The result of these studies was made apparent when, on his return to Scotland in 1877, the brilliant young man, barely twenty-six years of age, was appointed Lecturer in Science at the Free Church College in Glasgow. It was yet more apparent when, in 1883, the free fruition

of his thought and experience was presented to the world in a remarkable book entitled "Natural Laws in the Spiritual World." This book might be looked upon as in some sort an amplification of the theme which Tennyson also had chosen in that magnificent though illy-named poem, "The Higher Pantheism," and might have taken for its text the pregnant line,

And if God thunders by law, the thunder is still His voice.
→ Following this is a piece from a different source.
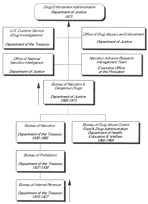 DEA genealogy from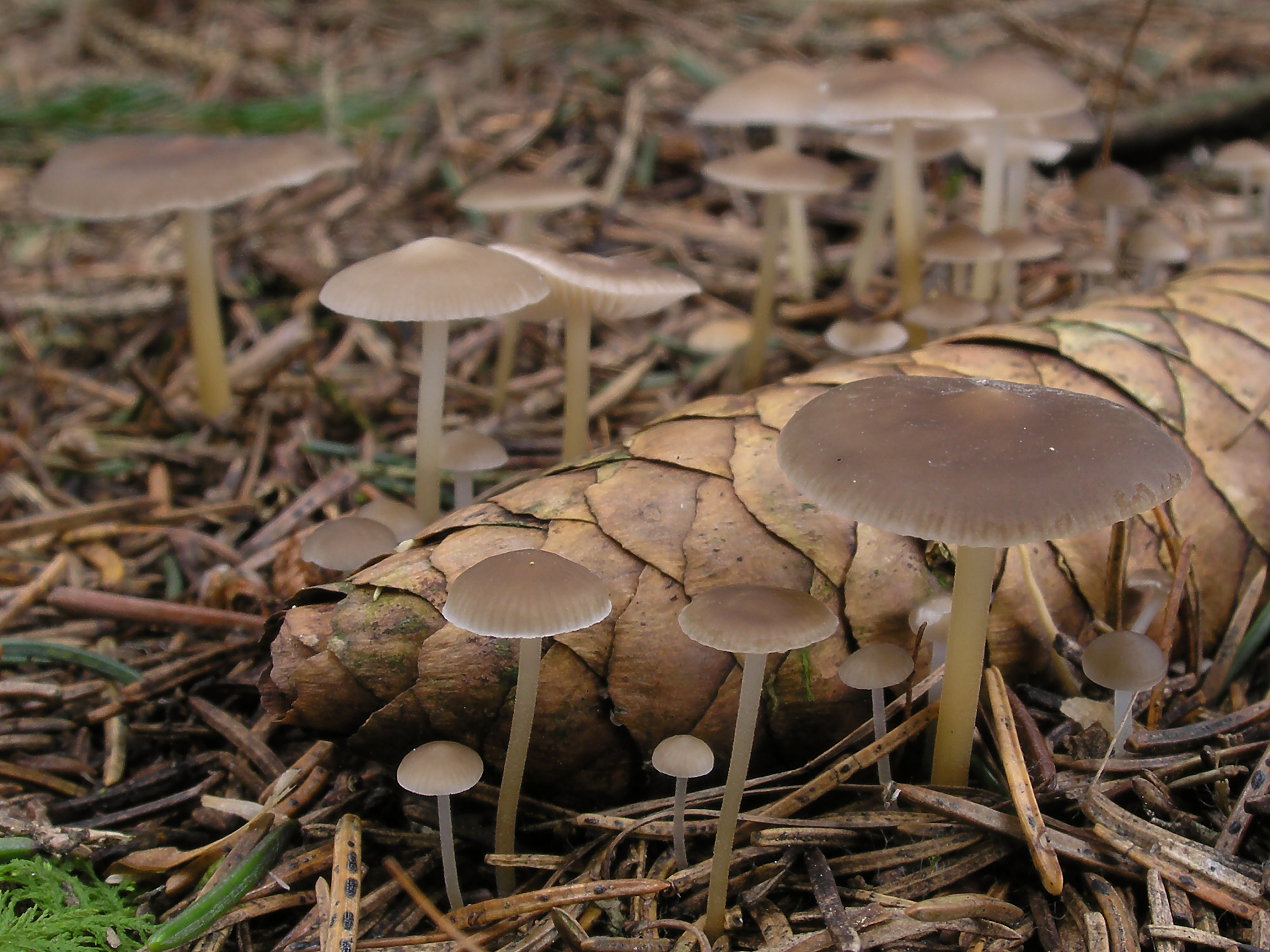 Sprucecone Cap (Strobilurus esculentus)

The book found at once a hearty response. It ran through thirty editions in England, and the presses are not yet still. It was republished in America. It was translated into French, German, Dutch, and Norwegian. It has already become a classic.

In 1884 he became Professor of Science in the Free Church College. He had already established a firm friendship with Prof. Geikie, a man of kindred tastes and abilities, with whom he soon after started on an extended tour through the Rocky Mountains and South Africa. Some of the results of his travels were given to the world in a little work entitled "Tropical Africa," and in other monographs.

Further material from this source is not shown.